Devrimci örgüt sorununu çözmek, her şart altında ayakta kalabilen ve siyasal faaliyetini en ağır koşullarda bile kesintisiz olarak sürdürebilen illegal bir parti örgütü yaratabilmek demektir. Türkiye’de askeri darbeler sonrasında devrimci örgüt yapılanmalarının korunamadığını ve dolayısıyla devrimci siyasal faaliyetin kesintiye uğradığını biliyoruz. 12 Mart’tan sonra olduğu gibi 12 Eylül’den sonra da bu böyle oldu. İlkinin anlaşılır nedenleri vardı, zira bu dönemin devrimci örgütleri bir ilk çıkışın henüz filiz halindeki ilk örnekleri idiler. Fakat kitlesel bir devrimci yükselişin verimli toprağında gelişip serpilme olanağı bulanların 12 Eylül’ü izleyen haftalar ve aylar içindeki kolay çöküşü için bu söylenemez. Bu olgu sözkonusu parti ve örgütlerin ideolojik, örgütsel ve sınıfsal bakımdan yapısal zayıflıklarının bir göstegesi oldu ve Türkiye’de devrimci örgüt sorununun çözülemediğini gösterdi.
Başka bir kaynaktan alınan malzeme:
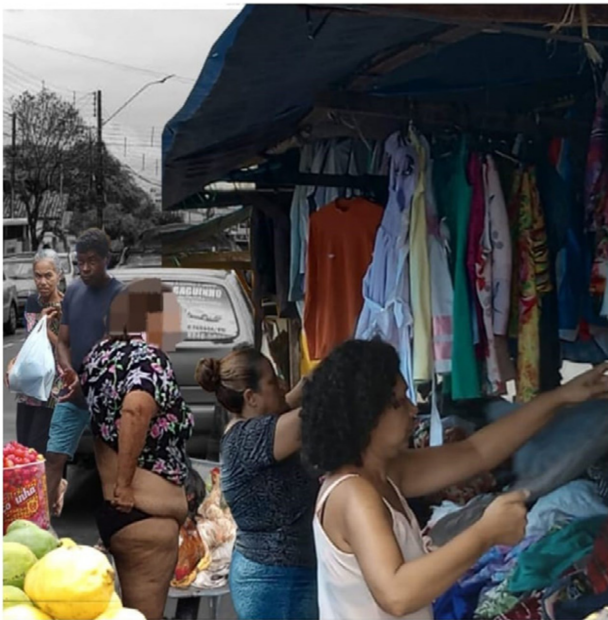
Figura 4 - Collage urbana "Tudo em um só lugar..." com tema da feira como lugar de afeto.

circunvizinhas". Em 1975 foi construído um mercado público com o objetivo de liberar o espaço para a construção do novo Centro Administrativo da capital. Hoje, a feira e o mercado funcionam juntos e são considerados locais de trabalho e sociabilidade tradicionais de diversas famílias há anos. Portanto, o poema e a collage (figura 4) "Tudo em um só lugar..." tratam da riqueza e pluralidade desse espaço, resistindo às transformações da cidade ao longo do tempo, mantendo-se local de conhecimento, tradição, memórias e afetos.

Devrimci örgüt sorununa bütün bunların ışığında bakmalı, kapsamını ve çözümünü bu çerçevede ele almalıyız. Sorunun temel önemde olduğunu, stratejik bir nitelik taşıdığını, devrimci açıdan bir ölüm-kalım sorunu olduğunu asla unutmamalıyız. Türkiye solunun yakın geçmiş deneyimlerinden bu açıdan çıkarılması gereken dersleri çıkarmayı sürdürmeli, özellikle de dünkü devrimci yapıların bügünkü akibetinden çok şey öğrenmeliyiz.